Genome sequencing, assembly and annotation

Genomic DNA was purified from 1 mL of an overnight culture of each strain using the DNeasy Blood and Tissue Kit (Qiagen, Valencia, CA, USA). Genomic DNA libraries were prepared using the NEBNext Ultra II DNA Library Prep Kit (New England Biolabs, Beverly, MA) and sequenced using the Illumina HiSeq 2500 platform (Illumina, San Diego, CA, USA) to generate 150-bp paired-end reads. Genome assembly, scaffolding, and gap-closing of the Illumina sequence reads were performed using the Platanus assembler41. Strains with low sequence coverage (< × 20) were excluded from the analyses. The completeness and potential contamination of the assembled genomes were calculated using CheckM software42. Only genomes with greater than 99% completeness and less than 5% contamination were used in further analyses. Annotation was carried out with the DDBJ Fast Annotation and Submission Tool (DFAST)43. All sequence data generated in this study have been submitted to the NCBI BioProject database (BioProject; under accession number PRJDB9692.

Phylogroup determination

Phylogroups were determined by ClermonTyping44 using the assembled draft genome sequences with the default parameters.

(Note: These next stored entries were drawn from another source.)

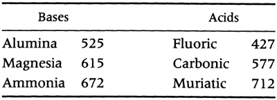 Thus, 672 equivalents of ammonia neutralized 427 of fluoric, 577 of carbonic and 712 of muriatic acids. Analysts now had a definite method of controlling the accuracy of their work and of calculating beforehand the composition of salts under investigation.
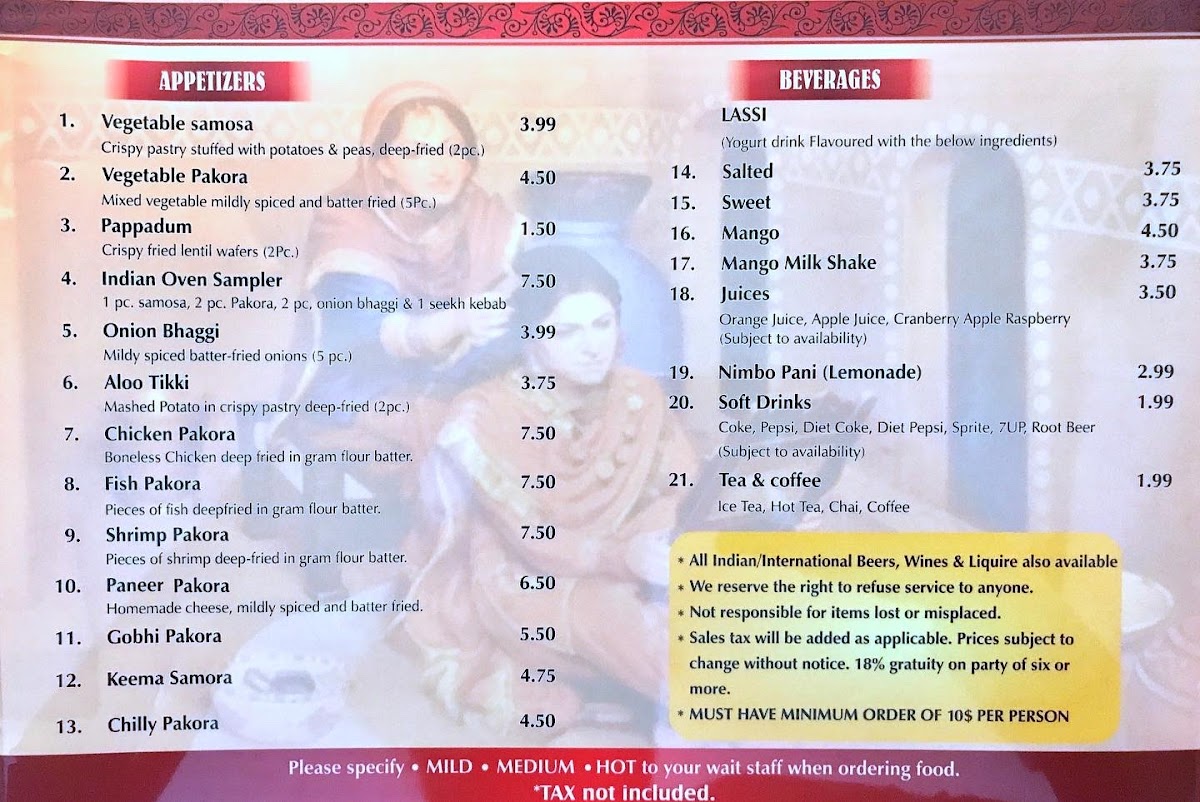 1 pc. samosa, 2 pc. pakora, 2 pc. onion bhaji, and 1 seekh kebab.
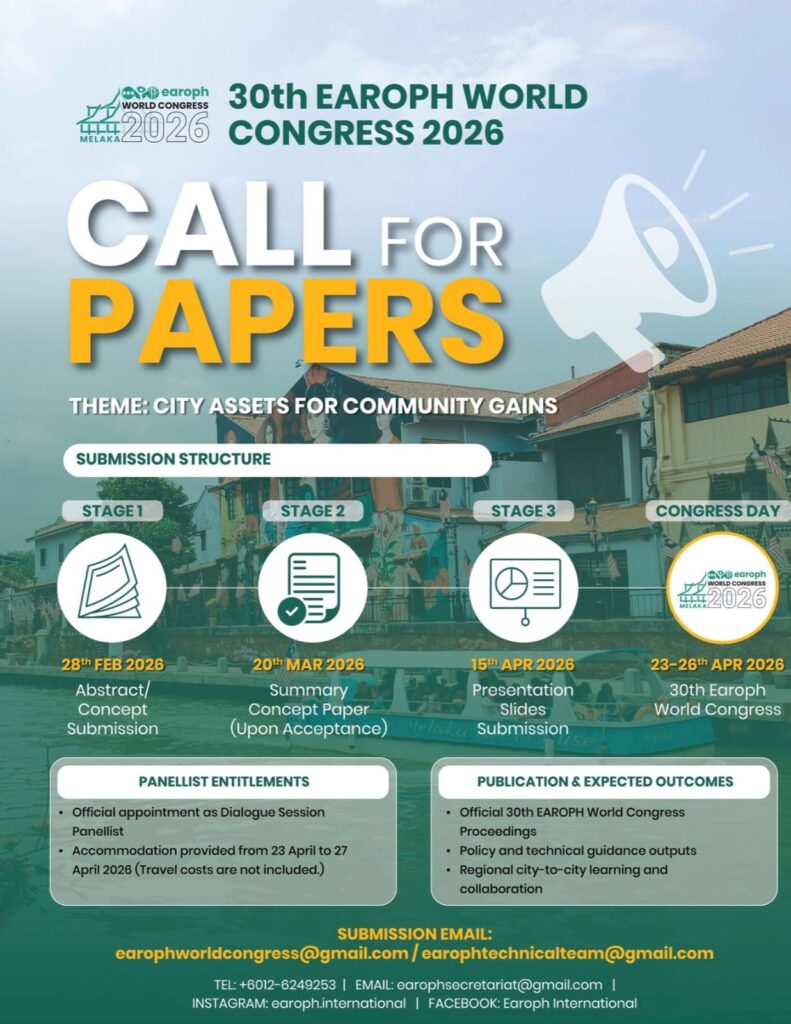 The Eastern Regional Organisation for Planning and Human Settlements (EAROPH) is now inviting papers & concept papers for the Dialogue Sessions of the 30th EAROPH World Congress 2026, to be […]
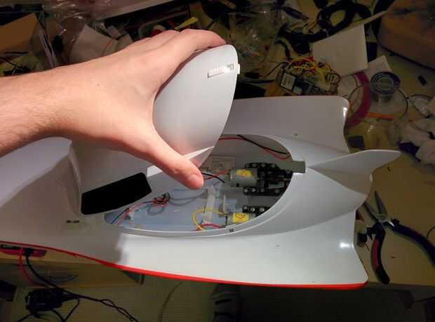 Los dos motores tenían un intrincado sistema de enfriamiento: un propulsor muy ruidoso que soplaba aire de los motores. También fueron disociación condensadores motores así. Estas cosas trabajaron para mi ventaja. Había también un pequeño interruptor en la parte superior del barco. No he encontrado un buen uso de ella, bastante todavía.
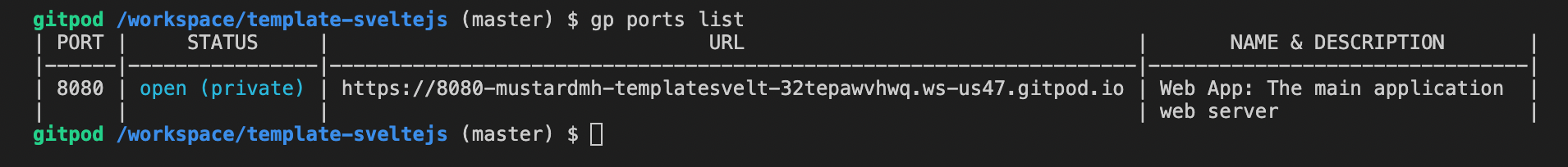 And if you prefer listing all open ports URLs at once, use gp ports list command.
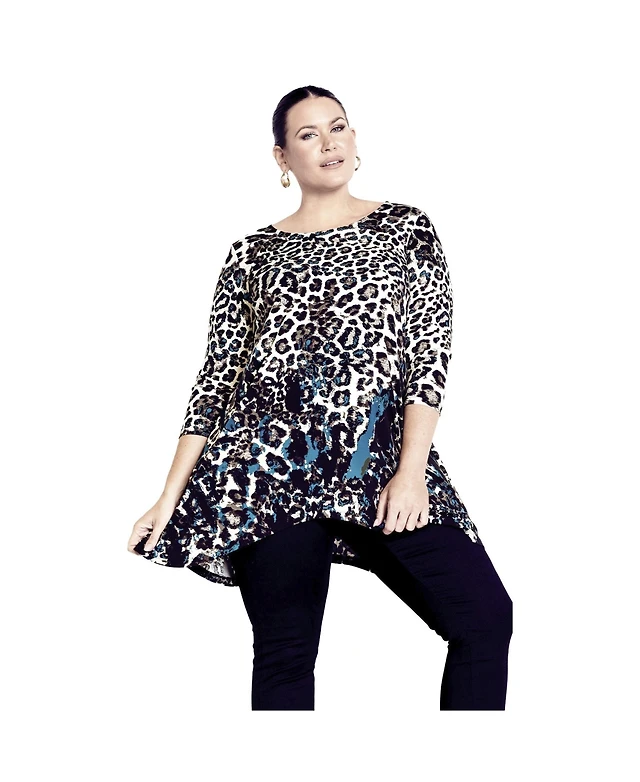 Avenue Women's Plus Printed Asymmetric Blouse
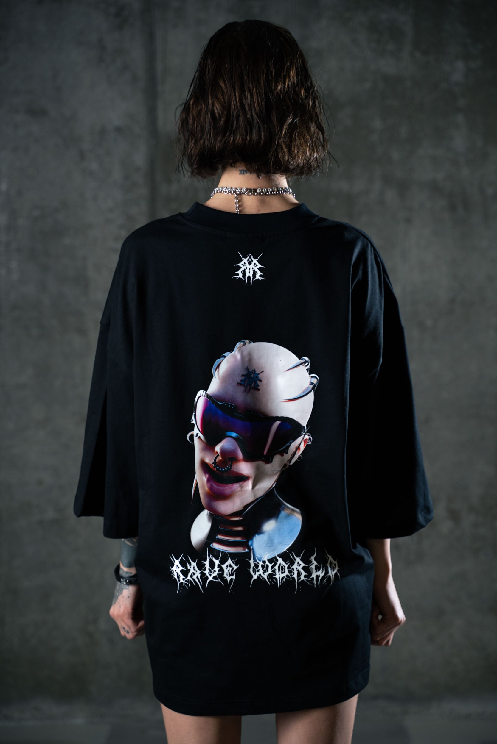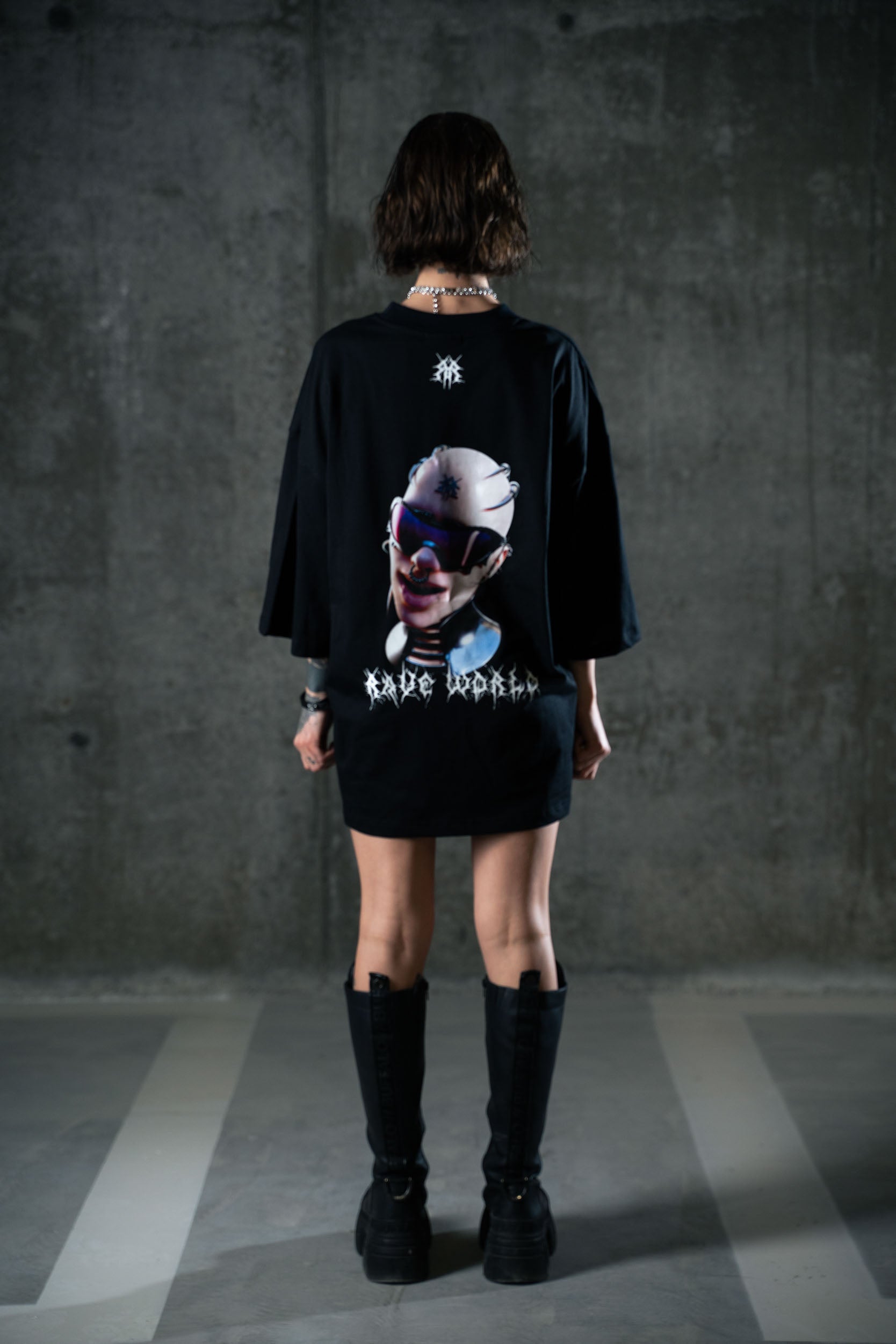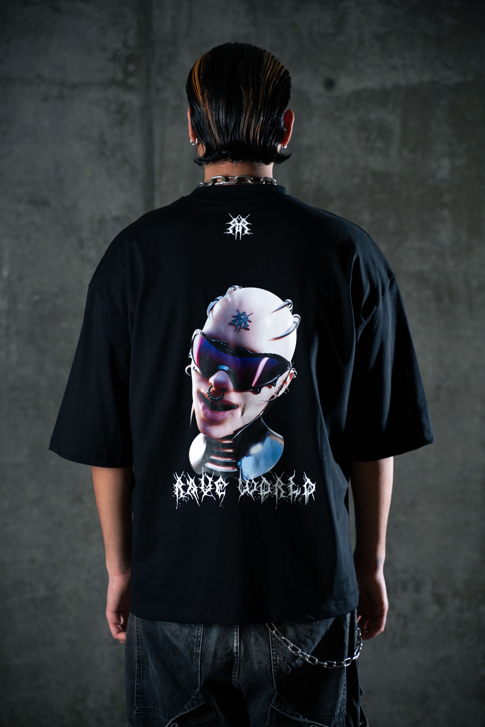 Realizzata in cotone premium 260gsm, questa tee presenta un fit ampio e strutturato con maniche larghe e rifinite. Sul petto, il logo tribal-tech del brand richiama simboli digitali e underground. Sul retro, una stampa iperrealistica raffigura l'entità cyber-raver: figura chiave del nostro mondo post-umano.

Core gene-based phylogenetic analysis

Core genes were identified using Roary45 (≥ 80% nucleotide sequence identity). Single nucleotide polymorphism (SNP) sites were extracted from the core gene alignment using snp-sites46. ML phylogenetic trees were constructed using RAxML47 from the concatenated SNP alignment with the GTR-GAMMA model of nucleotide substitution with 100 bootstrap replicates. The ML phylogenetic trees were visualized and annotated using iTOL48.

Detection of acquired antimicrobial resistance genes

The detection of acquired antimicrobial resistance genes was performed by a read mapping-based strategy using the SRST2 program49 and the database file ARGannot_r3.fasta with the default setting.

Statistical analysis

Chi-squared tests were performed to compare the relative abundances of the phylogroups between the river and sewage samples. Likewise, differences in the relative abundances of antimicrobial-resistant E. coli between the river and sewage samples were analysed. All statistical analyses were performed using SPSS 23.0 for Windows (IBM SPSS Statistics).